AVAILABLE DATA =>
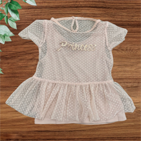 Tüllős, flitteres felső Egyenes szabású, kerek nyakkivágású, alúl hozzávarrt toppal. Hibátlan állapotú.
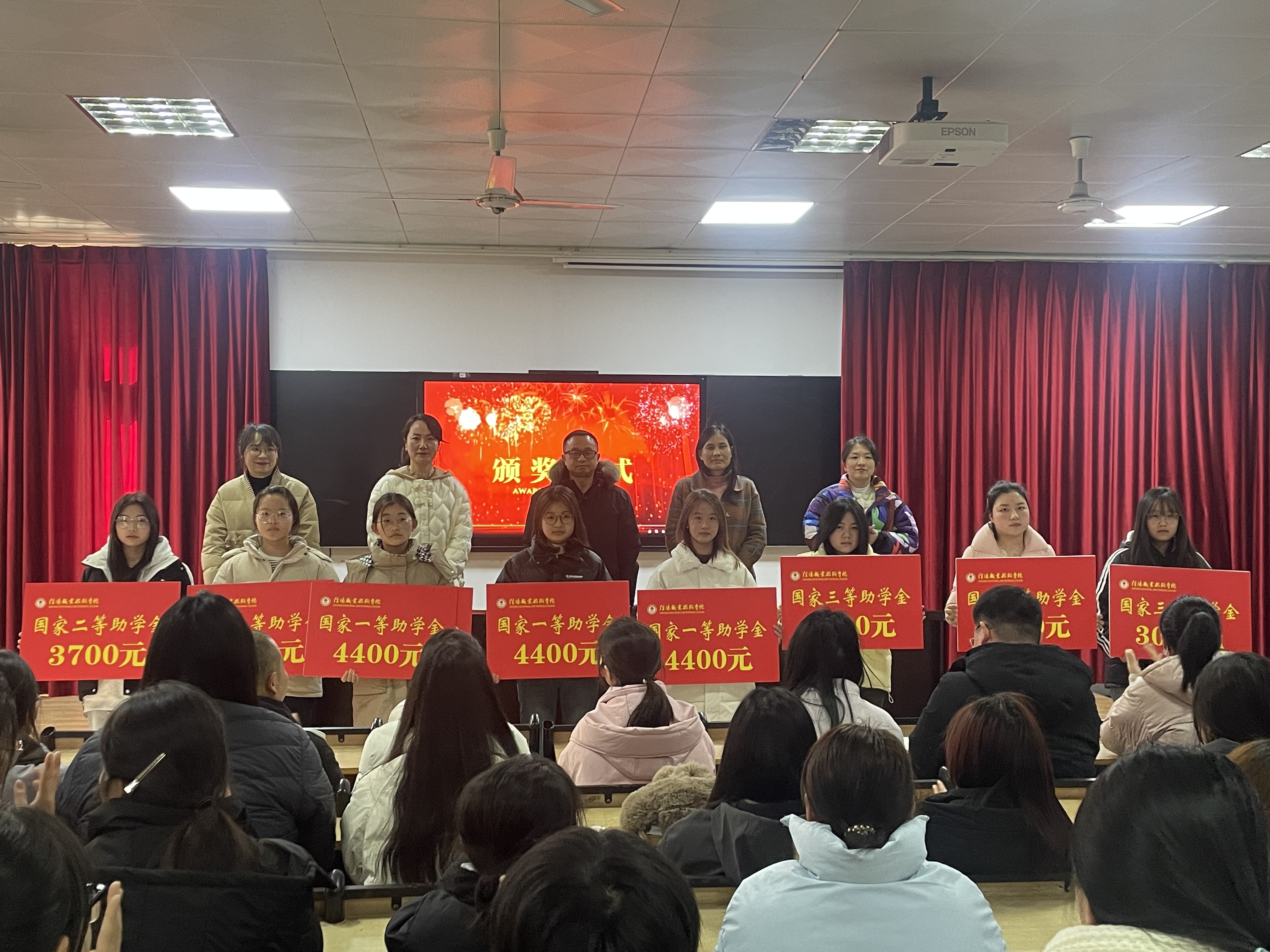 2024年12月26日,太阳集团网站8722在8401多媒体教室隆重举行2024年度国家奖助学金颁发仪式。太阳集团网站8722党总支书记陈才、全体副科级以上干部、各班辅导员老师以及获奖学生等共计220余人齐聚一堂,共同见证这一荣耀时刻。仪式由太阳集团网站8722副院长韩艳红主持。
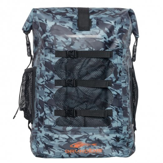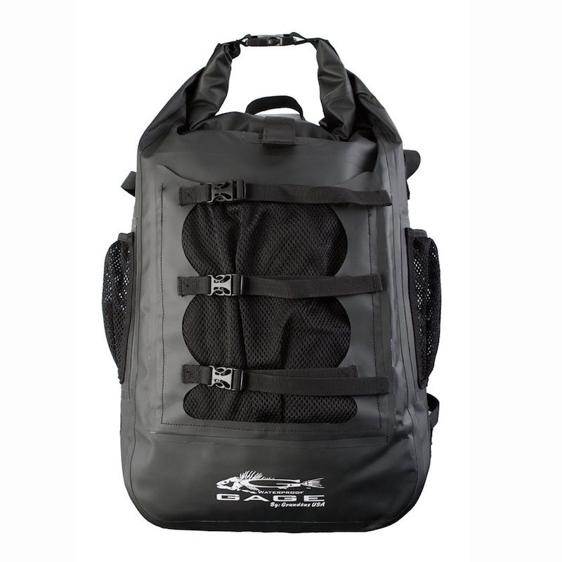 The Grundens GAGE 30 Liter Rum Runner Waterproof Backpack is a great fishing bag! Constructed of 500d tarpaulin fabric, this backpack can take some punishment and keep on going. It is 100% waterproof with a roll to closure and 100% radio frequency welded seams. Water will not get inside this bag! The Rum Runner holds a lot of gear. Fill it with clothing, fishing tackle, electronics, food or anything else you want to keep dry. The straps on this bag are thick and padded. The back panel is constructed of moisture wicking material. There is a water bottle holder on both sides of the bag and a large mesh pocket on the front. The Grundens GAGE 30 Liter Rum Runner Waterproof Backpack is extremely versatile and is perfect for your next fishing adventure, whether you are hiking through the woods or just going on a boat.Â
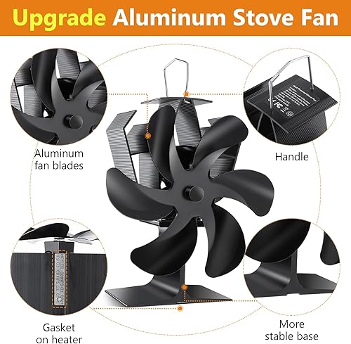 Xmasneed Kaminventilator, 6 Flügel-Ofenventilator Ohne Strom Leiser Betrieb, Wärmebetriebener Ventilator mit Thermometer, Hitzebetrieben Kamin Ventilator Ohne Strom für Holz/Holzbrenner/Kamin
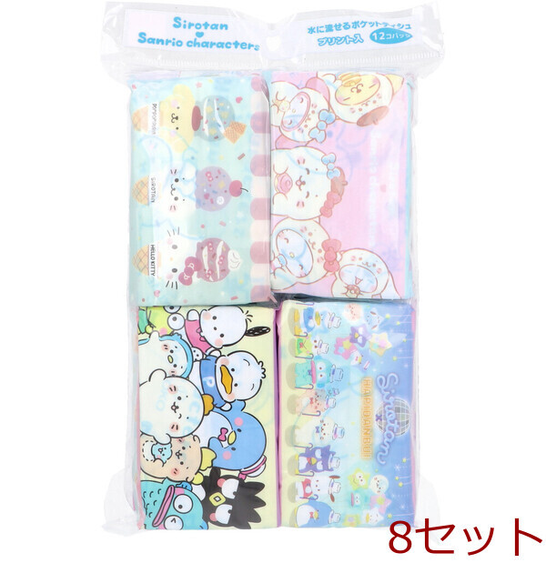 - しろたん×サンリオキャラクターズ 水に流せるポケットティシュ プリント入 16枚 8組 ×12個入 8セット
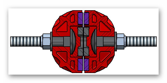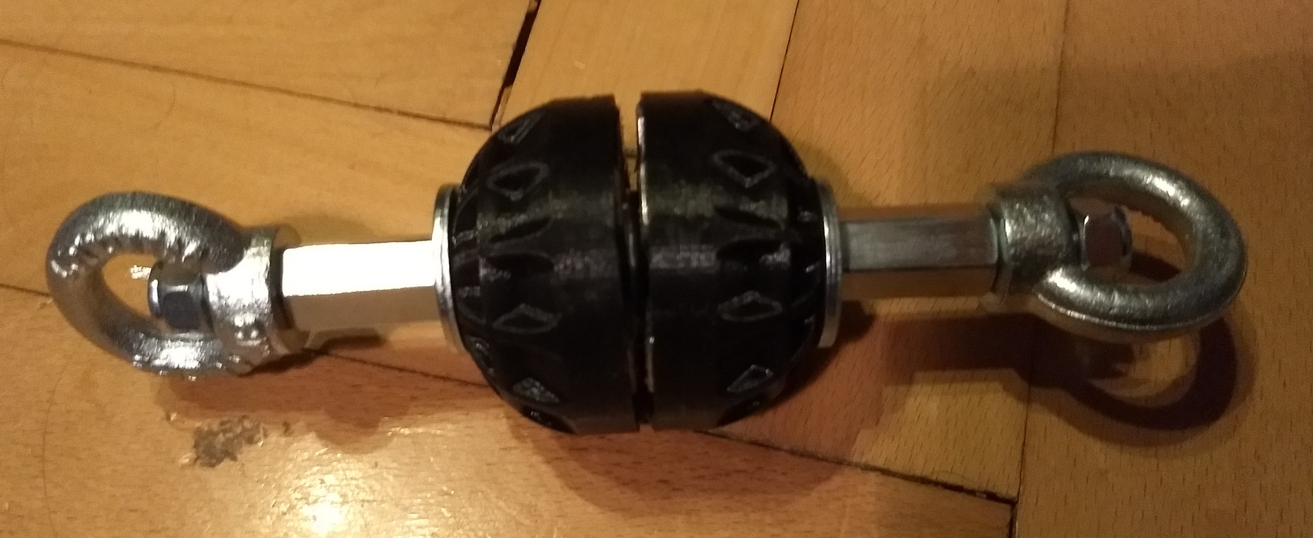V rámci práce na ledkové supersvítilně jsem si vyrobil vzorek magnetické spojky. Dá se i koupit, ale brutální cena mě přesvědčila k výrobě. Svítilna bude mít výklopné segmenty a když s nima drcnu o překážku, tak pokud bude náraz dostatečně silný, segment se ve spojce protočí a tím ochrání šnekové převody elektomotorku před poškozením. Jinak bude fungovat jako pevný hřídel. Vzorek je momentálně po "ručních" testech. proto jsem konce hřídelí, jenž tvoří vratové šrouby osadil oky. Těleso a víčko na ložisko mě vytisknul kamarád na 3D tiskárně z PET-G. "Ruční" verzi drží pohromadě jen síla magnetů. Ta je vcelku značná. Spojka se protočí až při větším zatížení.
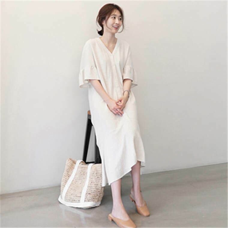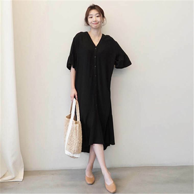 春 夏 レディース ワンピース 黒 ミドル丈 シャツ シャツワンピ 2カラー 白 黒 ボタン 体型カバー ママコーデ ゆったり カジュアル シンプル デート おでかけ お散歩 YN-5-223 | dress_sugar_moon
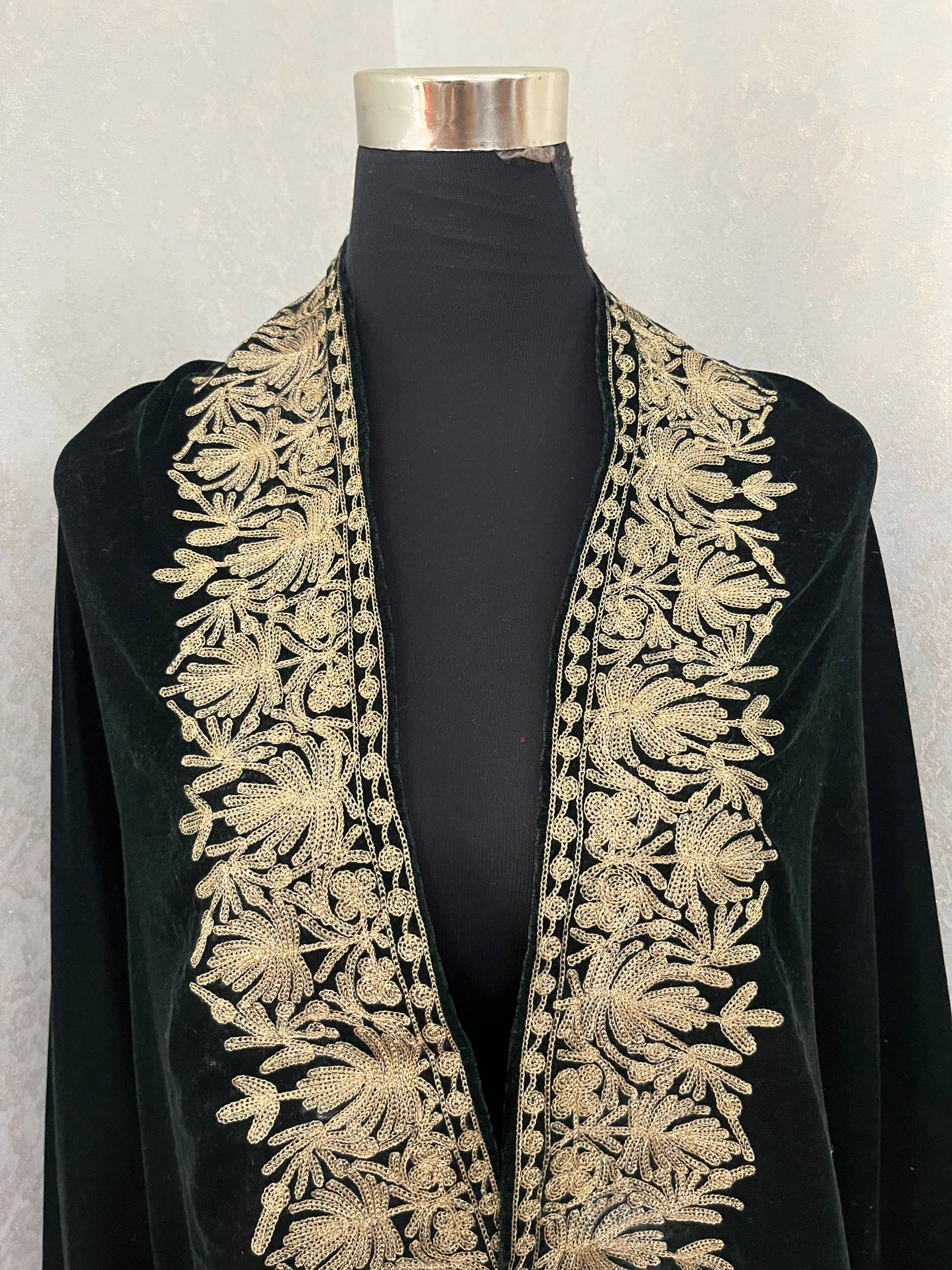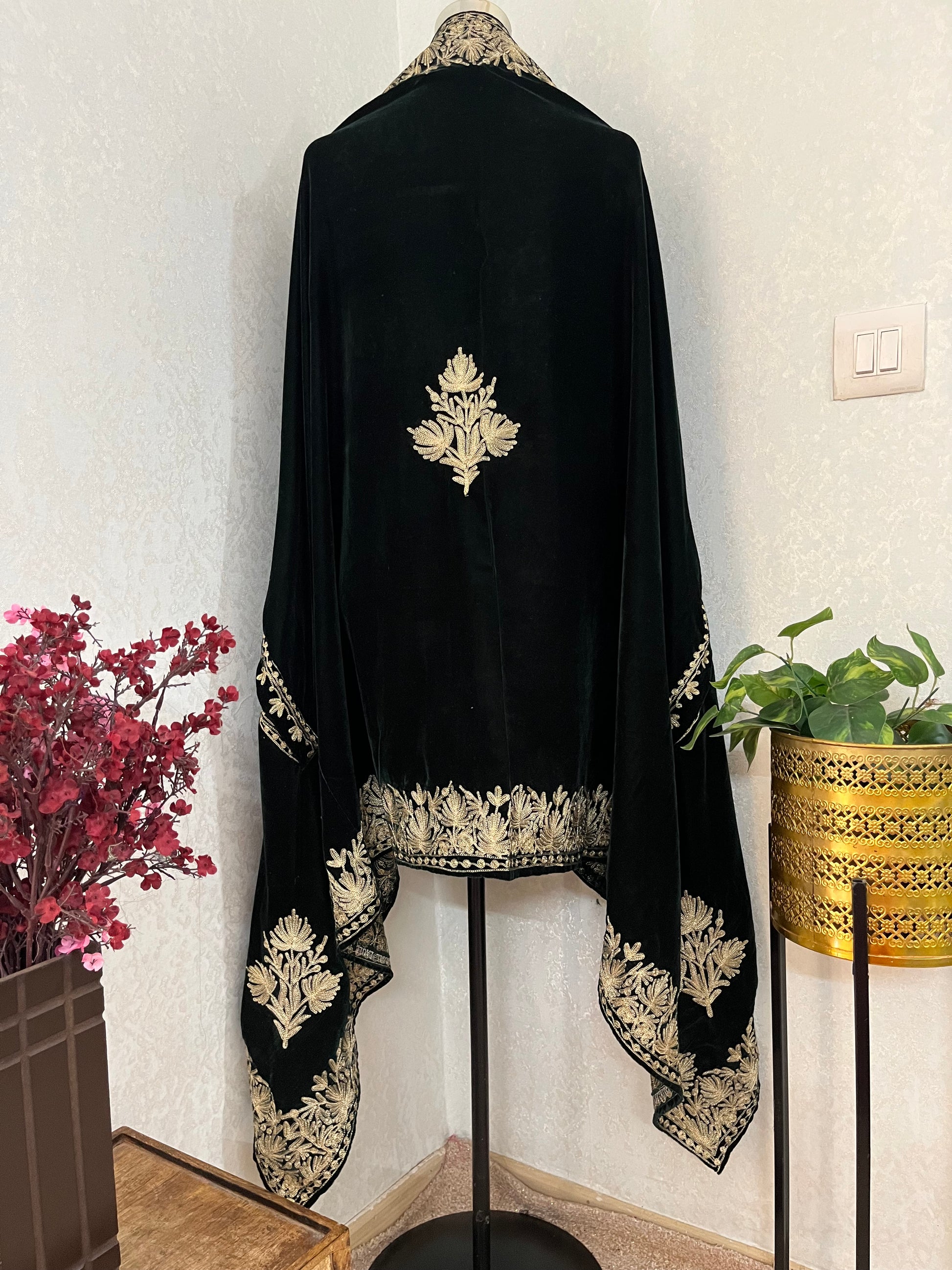 Bottle Green Tilla Embroidered Velvet Cape

PROBLEM TO WORK ON => Look through the material above. Transcribe exactly the lines between the ones with "Xmasneed Kaminventilator, 6" and "- しろたん×サンリオキャラクターズ 水に流せるポケットティシュ", inclusive, and keep pictures out.

SOLUTION TO THE EXERCISE =>
 Xmasneed Kaminventilator, 6 Flügel-Ofenventilator Ohne Strom Leiser Betrieb, Wärmebetriebener Ventilator mit Thermometer, Hitzebetrieben Kamin Ventilator Ohne Strom für Holz/Holzbrenner/Kamin
 - しろたん×サンリオキャラクターズ 水に流せるポケットティシュ プリント入 16枚 8組 ×12個入 8セット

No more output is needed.